MATERIAL FOR THIS TASK ▸
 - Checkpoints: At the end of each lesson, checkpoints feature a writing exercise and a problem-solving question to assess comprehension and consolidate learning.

==

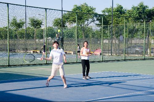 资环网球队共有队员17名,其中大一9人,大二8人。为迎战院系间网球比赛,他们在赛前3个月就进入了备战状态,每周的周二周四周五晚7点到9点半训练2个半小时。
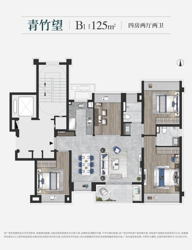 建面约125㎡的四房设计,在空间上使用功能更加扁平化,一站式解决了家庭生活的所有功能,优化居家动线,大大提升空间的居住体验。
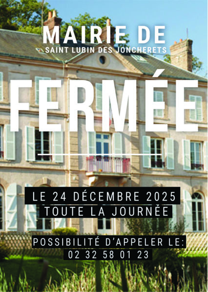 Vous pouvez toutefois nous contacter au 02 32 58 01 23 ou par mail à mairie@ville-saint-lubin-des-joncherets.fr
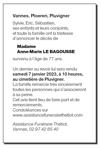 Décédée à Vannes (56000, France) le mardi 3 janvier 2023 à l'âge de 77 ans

EXERCISE INSTRUCTIONS ▸ The data above holds the lines to copy: start at the one with "资环网球队共有队员17名,其", stop at the one with "Vous pouvez toutefois", include both, copy them exactly without pictures, and copy nothing else.

EXERCISE RESPONSE ▸
 资环网球队共有队员17名,其中大一9人,大二8人。为迎战院系间网球比赛,他们在赛前3个月就进入了备战状态,每周的周二周四周五晚7点到9点半训练2个半小时。
 建面约125㎡的四房设计,在空间上使用功能更加扁平化,一站式解决了家庭生活的所有功能,优化居家动线,大大提升空间的居住体验。
 Vous pouvez toutefois nous contacter au 02 32 58 01 23 ou par mail à mairie@ville-saint-lubin-des-joncherets.fr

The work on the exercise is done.